Teachers in some northern Quebec communities are being told not to talk about the evolution of humans because Darwin's theory offends some Inuit people.
I think the line where one should be sensitive to cultural beliefs (cultural beliefs here not being the traditional ones of the inuit, but rather those of the pentacostal church) stops when it comes to teaching science. If the school board wants to perpetuate the current social conditions in inuit communities then they are on the right track by not teaching science properly.Other than that, it's just a typical ignorant religious diatribe against modern science.
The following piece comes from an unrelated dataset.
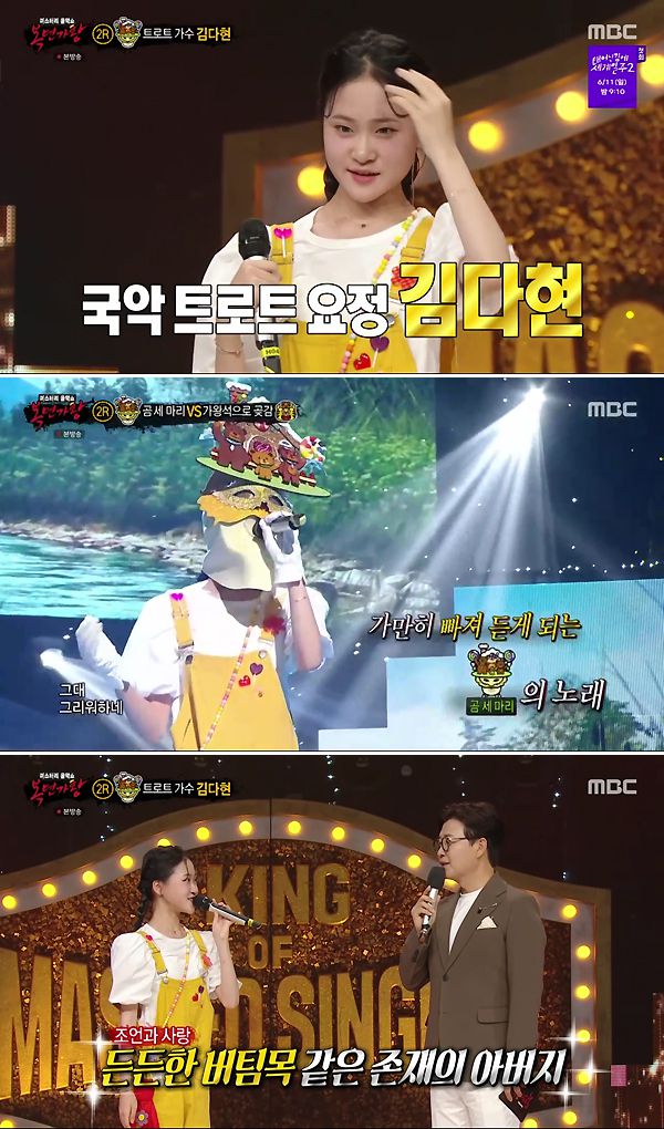 4일 방송된 MBC ‘복면가왕’에서 ‘가왕석으로 곶감’과 대결을 펼친 곰 세 마리의 정체가 김다현으로 밝혀지며 시선을 사로잡았다.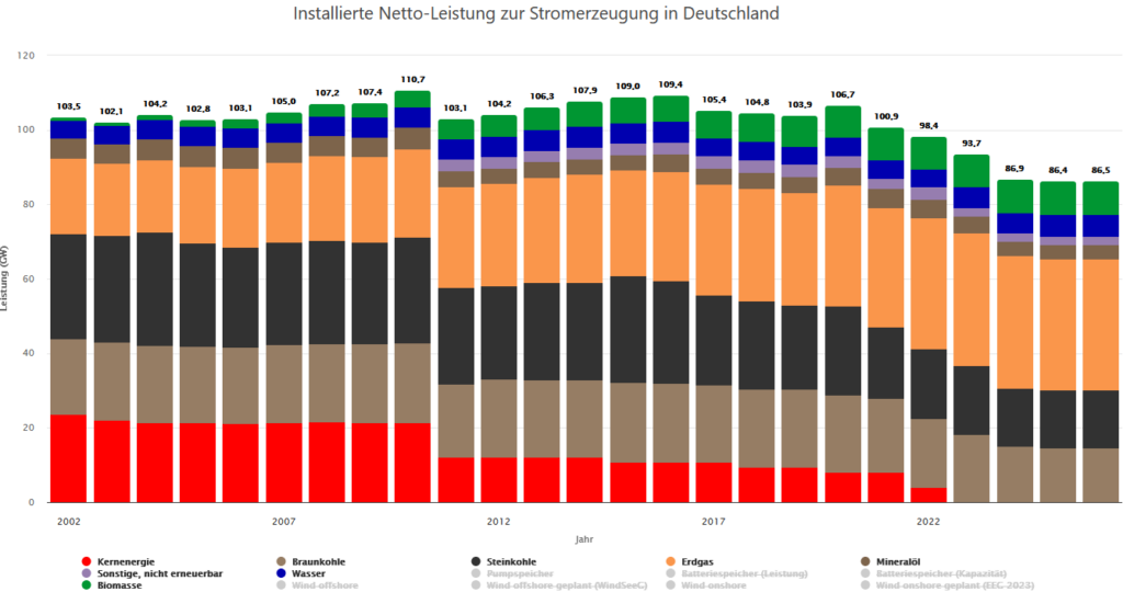 Zu Beginn der Energiewende gab es das Problem der Dunkelflaute schlicht nicht: Kraftwerke waren ohnehin mit ausreichender Leistung vorhanden und sind ständig gelaufen. Mittlerweile sind einerseits die Laufzeiten der fossil befeuerten Kraftwerke stark gesunken – was diese „unwirtschaftlich“ macht. Auch deshalb hat die Gesamtleistung der Kraftwerke, die „gesichert“ Strom liefern können, bereits deutlich abgenommen. Während vor 10 Jahren noch rund 110 GW gesicherte Kraftwerksleistung am Netz war, sind es jetzt noch 86 GW – immer noch genug. Aber gemäß Kohleausstiegsgesetz werden bis 2030 rund die Hälfte, und bis spätestens 2038 die kompletten 30 GW Kohlekraftwerksleistung abgeschaltet. Die verbleibenden 56 GW gesicherte Kraftwerksleistung reicht dann nicht mehr, um den zunehmenden Strombedarf für Wärme und Mobilität in Dunkelflauten sicher zu decken.

Teach myth in church, leave the schools for learning fact.
I am a current student attending a Christian school and I believe that schools should not forbid teachers to speak about evolution because then is limits a students knowledge of what other people believe I personally have been taught about evolution and I honestly enjoy seeing why people believe what they do the problem is that parents should not rely on schools to teach their children beliefs the parents should be the ones who teach their children on what they believe
"A mother called, and she said that I'd told her daughter that she was a monkey."Just from a quote like this, it's pretty clear that this is just another anti-evolution pile of crap, not a case of respecting beliefs. Probably a preacher has come to save their souls through the only way religion knows how : enforced ignorance. Importing dumbass religion and then refusing to teach science properly is a typically horrible mistreatment of native groups.
After seeing how the Catholic church wants to boycott (or ban in countries that allow that) the DaVinci Code, and now the new Scopes IceMonkey trial, perhaps the church should change its slogan to:"Fighting ignorance with censorship since 0"
The worst part is, by saying that evolution is 'offending Inuit' not 'offending Pentacostal Christians', they are trying to prey on even the most progressive Canadians for support. Most Canadians are all for teaching evolution, but most Canadians also (rightly so, given the history of brutal oppression) get a little tetchy when people are offending native beliefs. Not mentioning the fact that the Inuit in question are Pentacostals until the end of the article is a sort of manipulative lying through omission.
Heard this on my handy dandy satellite radio today. The interesting part of the interview was that the Catholic School Board which administers the school is on the side of the teacher and very upset that he's leaving.
Agreed, they should teach the science as the science, and the mythology as the mythology.